The table is clustered by the unique identifier to:
- Allow quick identification and deletion of a message upon confirmation.
- Cheapen deadlock free batch queries by allowing them to lock rows in a well-known already-persisted order.
Dequeued contains the number of times the message was dequeued. This also doubles a message pop receipt for confirmation/deletion. The deletion request is only successful if the caller is passing the same number it received.
VisibleOn is updated upon dequeing, to the time in the future at which the message will become dequeuable again.
- When Dequeued reaches the MaxAttempts option and VisibleOn is also reached then the message is considered undequeuable and becomes eligible for eviction to dead letters.
ExpiresOn is set upon initial queueing to the time in the future upon which the message will no longer be dequeueable, regardless of Dequeued count. Messages where ExpiredOn is reached and VisibleOn is also reached, regardless of Dequeued become eligible for eviction to dead letters.
CreatedOn and ModifiedOn are for troubleshooting only and have no impact on logic.
Payload holds the binary serialized Orleans message container.
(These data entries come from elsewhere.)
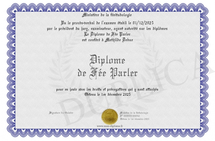 Envoyez par email votre Diplôme de Fée Parler personalisé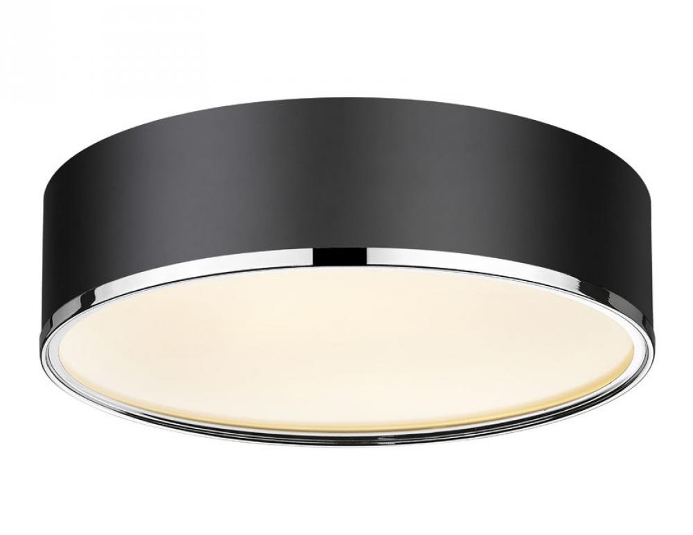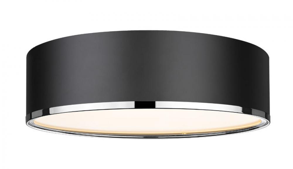 Its easy to make a contemporary statement with this four-light flush mount fixture. Four bulbs make for maximized illumination in your space. The matte black shade is designed from steel with an eye-catching chrome trim, offering the perfect pick-me-up for small foyers, hallways, home offices, and more.
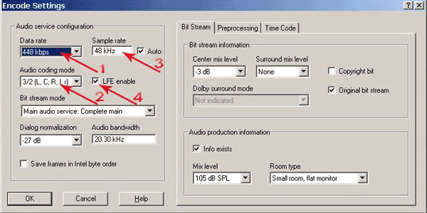 Выставляем битрейт кодирования (оптимальный вариант — 448 kbps ) (рис. 38, п.1); указываем количество дорожек (рис. 38, п.2) — в нашем случае 3/2; определяем Sample Rate, в нашем случае 48 kHz (рис. 38, п.3); отмечаем флажком пункт LFE enable (тем самым подтверждаем наличие у нас этого канала) (рис. 38, п.4). Остальные параметры оставляем без изменений. Нажимаем кнопку OK. Возвращаемся в главное окно программы и нажимаем кнопку Encode.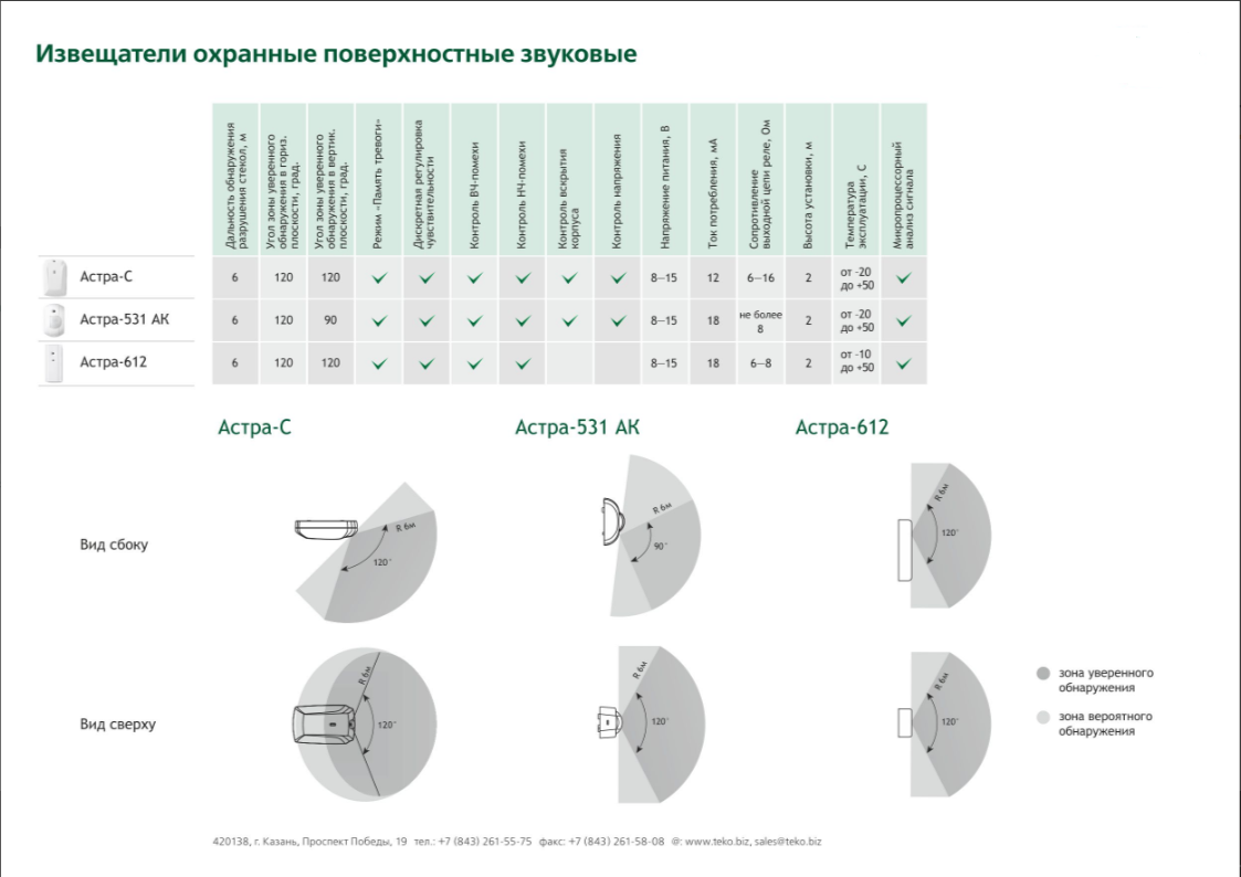 Сравнительная таблица извещателей звуковых: Астра-С, Астра-531 АК, Астра-621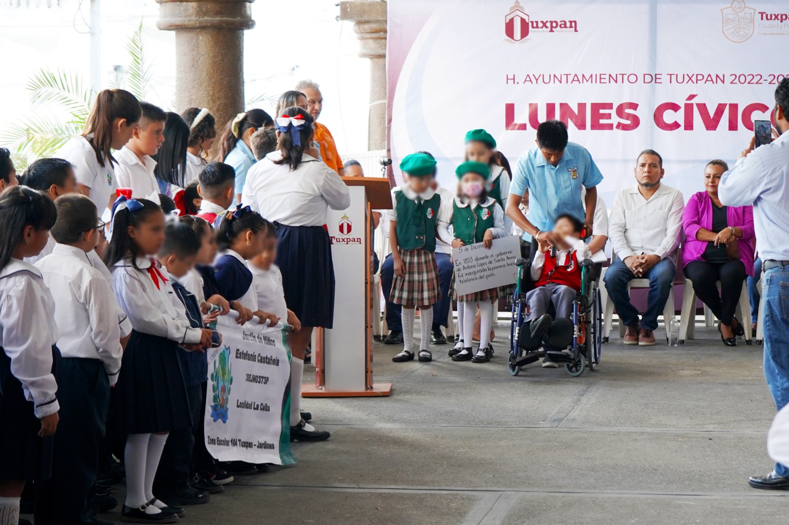 Encabezaron el acto el director de Educación, Prof. Jorge Arturo García Robles, en representación del alcalde Jesús Fomperoza Torres; el regidor comisionado en el área, Prof. Luis Demetrio López Marín; la regidora Maryanela Monrroy Flores; el Lic. Gerardo Rodríguez García, de la Delegación Regional de la SEV en Tuxpan; la L.E.E. Bella Elmira Pulido Solís, directora de la USAER 03.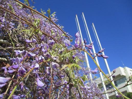 4月17日金曜日です。昇降口付近にある藤棚では、藤の花が咲き始めていました。先日から、用務員さんが昇降口周辺の草をきれいに刈り取ってくれています。いつもありがとうございます。昭和53年3月にご卒業された第1回卒業生の記念の石碑が、今も残っています。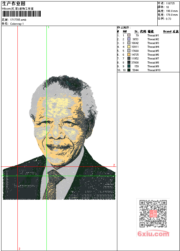 曼德拉-名人头像乱针工艺精品 点此上传花版兑乐绣币/现金 emb花版参数: 大小:427.00 KB / 尺寸:179*198[毫米] / 针数:118735针 / 线色:10 / 格式:emb / 版本:7 版带文件需绣花软件方可打开,可配色打印导出各种格式或直接上机绣。如无绣花软件可下载1:1模拟效果图。 PNG图片信息:大小:0.8 (MB) /图宽*高:678x749(像素) 上传作者( 雷人*** ) 获得乐绣币:30个 emb下载 1:1图下载 关闭 相似花型推荐: 狼头工艺精品 九寨沟乱针风景工艺精品 静物桌子乱针工艺精品 锦鸡立冬乱针工艺精品 金秋小道乱针树林风景工艺精品 幽幽小谷乱针城堡风景工艺精品 大花衣角 裙大花对称 相思鸟 满副衣襟女装 中老年花蝴蝶 美女与玉兔 仙童麒麟神话古典 大幅乱花 经典唐装花 上一个花样:猫-美国猫乱针工艺精品 下一个花样:狼头工艺精品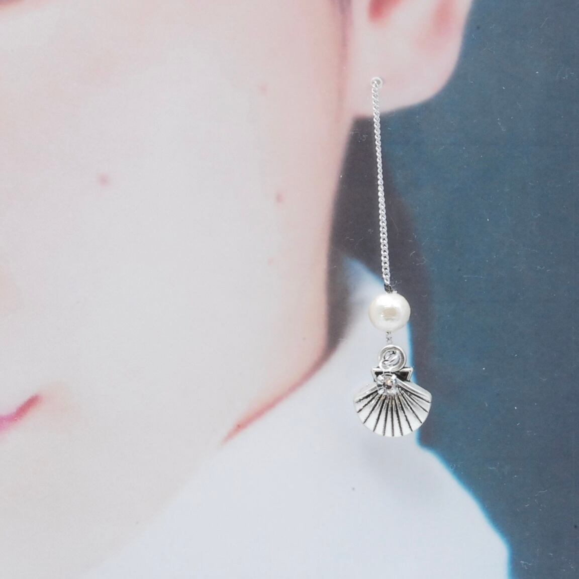 耳元で揺れる涼しげなデザインのピアスです。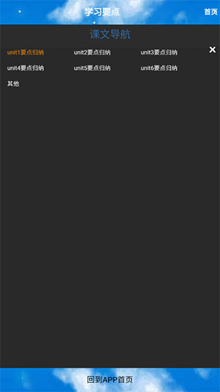 6、可以看到多个单元的要点都可以选择学习,十分方便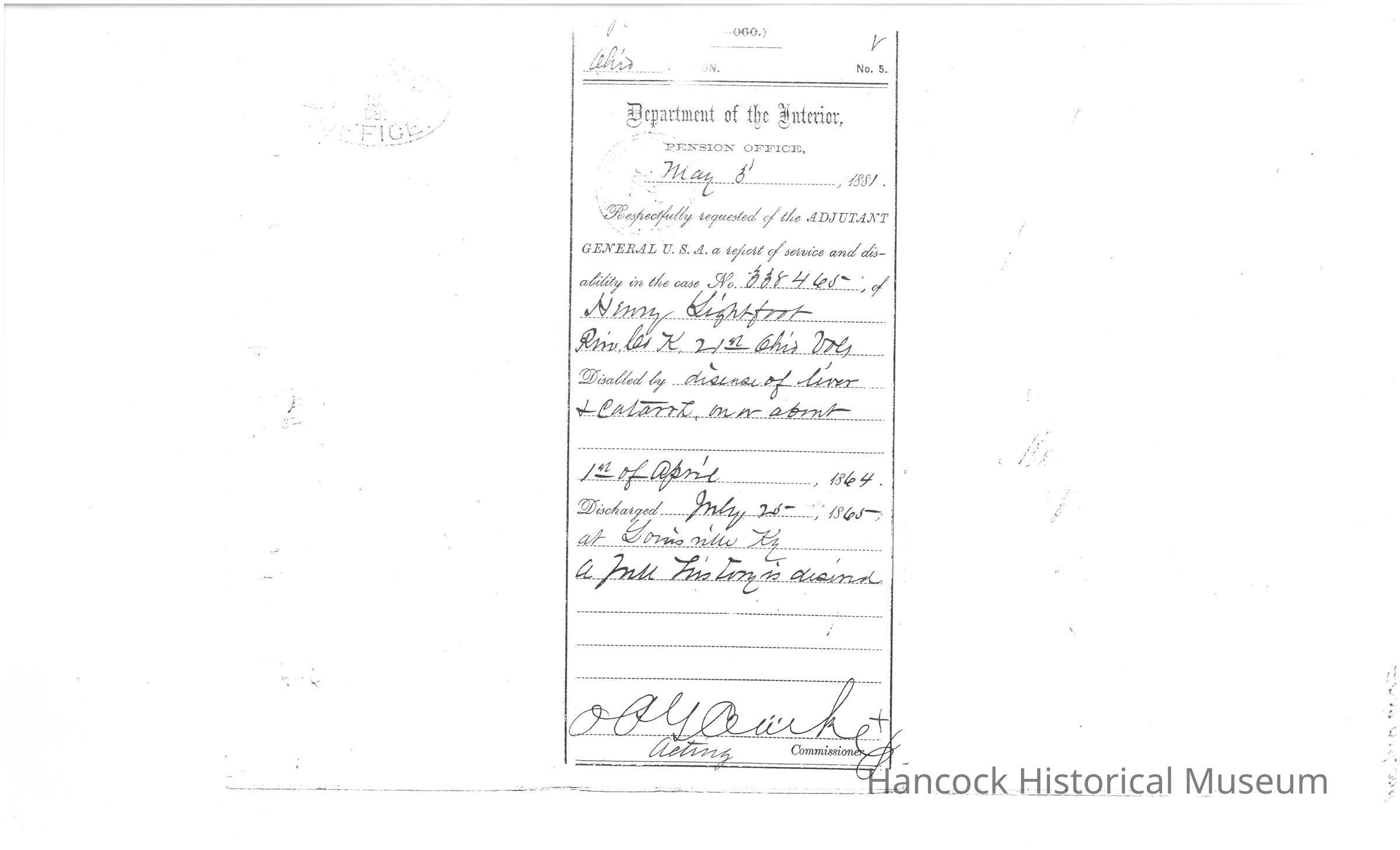 The image is a reproduced document from the Department of the Interior, Pension Office, dated May 8, 1881. It concerns Henry Lightfoot, who was part of Company K of the 21st Ohio Infantry Division. It requests a report of service and disability for his case file number 284.460. The document notes that he was discharged due to illness caused by disease of the liver and chronic rheumatism. His enlistment began on April 1, 1864, and he was discharged on July 28, 1865, in Somerset, Kentucky, due to his disability caused by the described health conditions. The document is signed by a Commissioner and includes various handwritten notes and official stamps.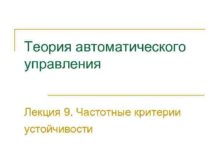 Теория автоматического управления Лекция 9 Частотные критерии устойчивости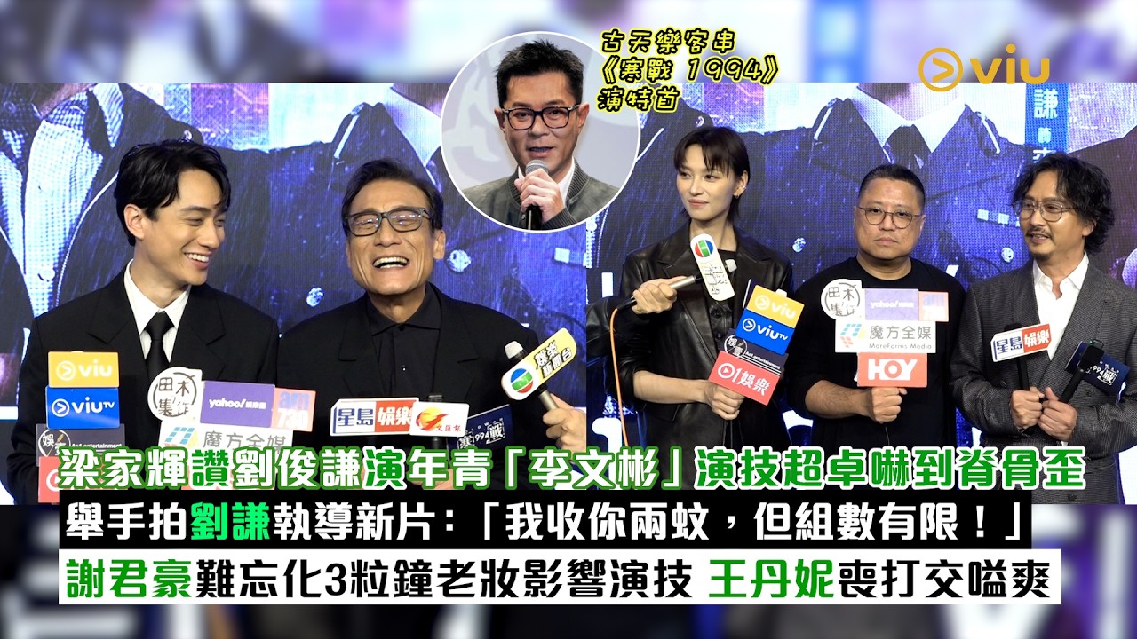 【Viu】劉俊謙、謝君豪、Louise王丹妮、導演梁樂民今日出席《寒戰 1994》電影發佈會,梁家輝以神秘嘉賓身份現身。客串演「李文彬」嘅家輝哥同演自己年輕版嘅劉謙孖住訪問,家輝哥激讚對方比自己更出色,令佢質疑自己喺兩輯《寒戰》嘅演技,嚇到脊骨都歪埋!劉謙聽到前輩咁講,表示壓力山大,驚到有五十肩添!

Important: To avoid deadlocks from concurrent batch queries against this table, all such queries are induced to lock data rows in the same order, and that order is the same order of the clustered index above.

OrleansStreamDeadLetter

CREATE TABLE [OrleansStreamDeadLetter]
(
    [ServiceId] NVARCHAR(150) NOT NULL,
        [ProviderId] NVARCHAR(150) NOT NULL,
    [QueueId] NVARCHAR(150) NOT NULL,
    [MessageId] BIGINT NOT NULL,
    [Dequeued] INT NOT NULL,
    [VisibleOn] DATETIME2(7) NOT NULL,
    [ExpiresOn] DATETIME2(7) NOT NULL,
    [CreatedOn] DATETIME2(7) NOT NULL,
    [ModifiedOn] DATETIME2(7) NOT NULL,
    [DeadOn] DATETIME2(7) NOT NULL,
    [RemoveOn] DATETIME2(7) NOT NULL,
    [Payload] VARBINARY(MAX) NULL,

    CONSTRAINT [PK_OrleansStreamDeadLetter] PRIMARY KEY CLUSTERED
    (
        [ServiceId] ASC,
                [ProviderId] ASC,
        [QueueId] ASC,
        [MessageId] ASC
    )
);

This table holds messages that failed to be successfully delivered, including:

Maximum number of attempts reached.
Expiration time reached.

Eviction happens in two occasions:

Single message eviction from OrleansStreamMessage to OrleansStreamDeadLetter is attempted by the stream failure component on a case-by-case basis.
Batch message eviction of any leftovers is opportunistic and performed in a timely fashion by the "dequeueing" query at regular intervals.

Columns are copied from the original row in OrleansStreamMessage as-is with two exceptions:

DeadOn holds the time at which the message was evicted to dead letters.
RemoveOn holds the time in the future at which the message will be deleted from the dead letters table itself.

OrleansStreamControl

CREATE TABLE [OrleansStreamControl]
(
    [ServiceId] NVARCHAR(150) NOT NULL,
        [ProviderId] NVARCHAR(150) NOT NULL,
    [QueueId] NVARCHAR(150) NOT NULL,
        [EvictOn] DATETIME2(7) NOT NULL,

    CONSTRAINT [PK_OrleansStreamControl] PRIMARY KEY CLUSTERED
    (
        [ServiceId] ASC,
                [ProviderId] ASC,
        [QueueId] ASC
    )
);

This table is designed to hold synchronization variables at queue level to help ensure any opportunistic scheduled task remains stable, regardless of cluster size. For now, the only such task is message eviction.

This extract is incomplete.